Listen to episode three of For Auckland on the player below, subscribe on iTunes, download this episode (right click and save) or read on for a full transcript of the conversation. For Auckland is brought to you by the Committee for Auckland and produced by The Spinoff.
Timothy: You’re hugely involved in the construction sector as group director, buildings, at Beca. I’ll ask you a little bit about Beca in a moment Because they’re a significant entity in themselves – but buildings, construction, that sector is so broken isn’t it?
Mark Spencer: Well there is certainly a lot of rhetoric in the media currently and commentary from industry participants, which would suggest it’s got its share of challenges and it certainly does. I think ‘broken’ might be going a step too far but when we’ve seen some of the really large players either exit the market ceasing their involvement in things like vertical construction, or obviously some fairly notable failures over the last few years, it’s certainly not in the sort of health we’d like to see.
The reason I want to talk with you about this in For Auckland is the way we build our city really matters, right? And when companies go down to what, Mainzeal went down big, big time, and people got burnt by that, and then we’ve got a problem where building slows down… we’ve got this housing crisis etc etc.. And then what? Eberts went down. Who were the multiplex that was a crash in New Zealand?
Multiplex was a decision to exit the New Zealand market a few years ago. Yeah.
What is it, what does it mean, ‘exit the New Zealand market’?
Oh well, they’re an overseas company so they’ve retrenched back to their origins in Australia. But yeah, given that uncertainty in terms of the sort of firms that can take on the really large projects that we’re wanting to build in Auckland at the moment it’s a pretty short list. You very quickly get past a few tier one players and you’re into, in many cases, firms that are just privately held so that, that actually means you’ve got quite a vulnerable industry at a time of a hot market Because you actually tend to see more failures occur when the market is booming than when it sort of busts.
That doesn’t make sense to me.
Yeah well, if you think about it for a moment, it probably can Because the demands on capital become more acute when you’re in a growth phase, of course, as they would for any business.
So when you say privately held that means that it…
Often it’s a family that owns the business.
Right. So they don’t have millions of dollars on reserves sitting there like a big player would do?
That’s right, yeah. And Fletchers of course have been much publicised around the travails they’ve had on a number of significant projects and you’d have to say their survival has only been possible, Because they’re actually part of a larger parent organisation. If it was a stand-alone construction company, it’s hard to imagine they would still be there.
So we’ve got to…
You know that’s our largest constructor in New Zealand.

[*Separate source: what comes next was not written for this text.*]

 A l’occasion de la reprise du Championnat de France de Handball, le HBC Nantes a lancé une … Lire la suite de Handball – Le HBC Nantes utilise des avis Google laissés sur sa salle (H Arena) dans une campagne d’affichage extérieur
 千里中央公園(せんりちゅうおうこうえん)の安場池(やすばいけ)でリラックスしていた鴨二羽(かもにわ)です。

And as I understand it, and again I learn from not necessarily credible sources, which is why I need to have this conversation with you. Fletchers, in order to survive have said ‘we’re not we’re not building anything’. But they were the go-to for big construction.

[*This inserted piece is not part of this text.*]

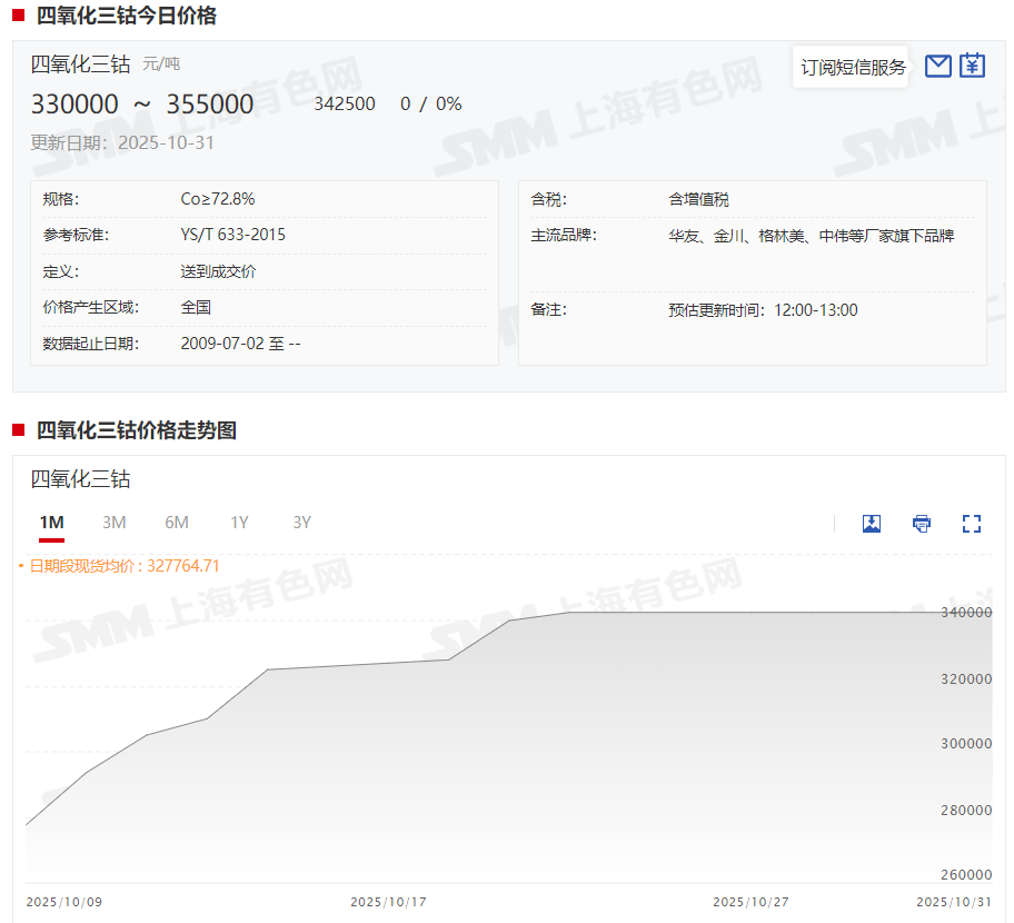 本周四氧化三钴市场也在持续上涨后迎来“喘息”,截至10月31日,四氧化三钴现货报价维持在33~35.5万元/吨的价位,均价报34.25万元/吨,较10月24日持稳运行。

I would agree. I think they chose their words quite carefully, it was ‘we’re out of vertical construction until conditions improve’ as it were. So they’ve certainly picked up on the fact that some of the contract conditions, that the sort of transfer of risk, perhaps disproportionately across to the contractor is, it’s just not a place they’re prepared to play Because the margins for those firms are quite, quite tight.
So that’s big dollar amounts but quite small…
Quite slender margins. Yes. So when you start getting a disproportionate amount of risk transferred across it, it just ceases to make commercial sense to be in the game.
So why do we shift the risk across? Can’t we put the risk somewhere else? Is there an answer or is this just going to keep happening? Have the pressures that led to a big multiplex, a big international player saying now we’re out we’re not even gonna play in this market, and then others crash, and people’s dreams and livelihood get lost and you know constructions have frozen? Has anything changed or other pressures that made it so unstable and risky still there?
I think they are, but there’s, there is uncertainty particularly I suppose in the current environment where it’s, it’s arguably capacity constrained and maybe we’re all our own worst enemies, those of us that play in this particular sector. But I do get the sense that you’ve had a number of firms turn around now and say, ‘you know, under those ters, we’re not prepared to play anymore.’ You know, taking Fletchers as the example there. So that has, in effect, I suppose, that becomes difficult to ignore. So we’ve had several instances where large projects have come out for tender and they haven’t been able to assemble a credible list. You know you’ve had what was intended to be a competitive tendering process and only one person prepared to tender to the job. So they’ve had to fundamentally change I suppose, what the procurement process is going to be on some of those projects.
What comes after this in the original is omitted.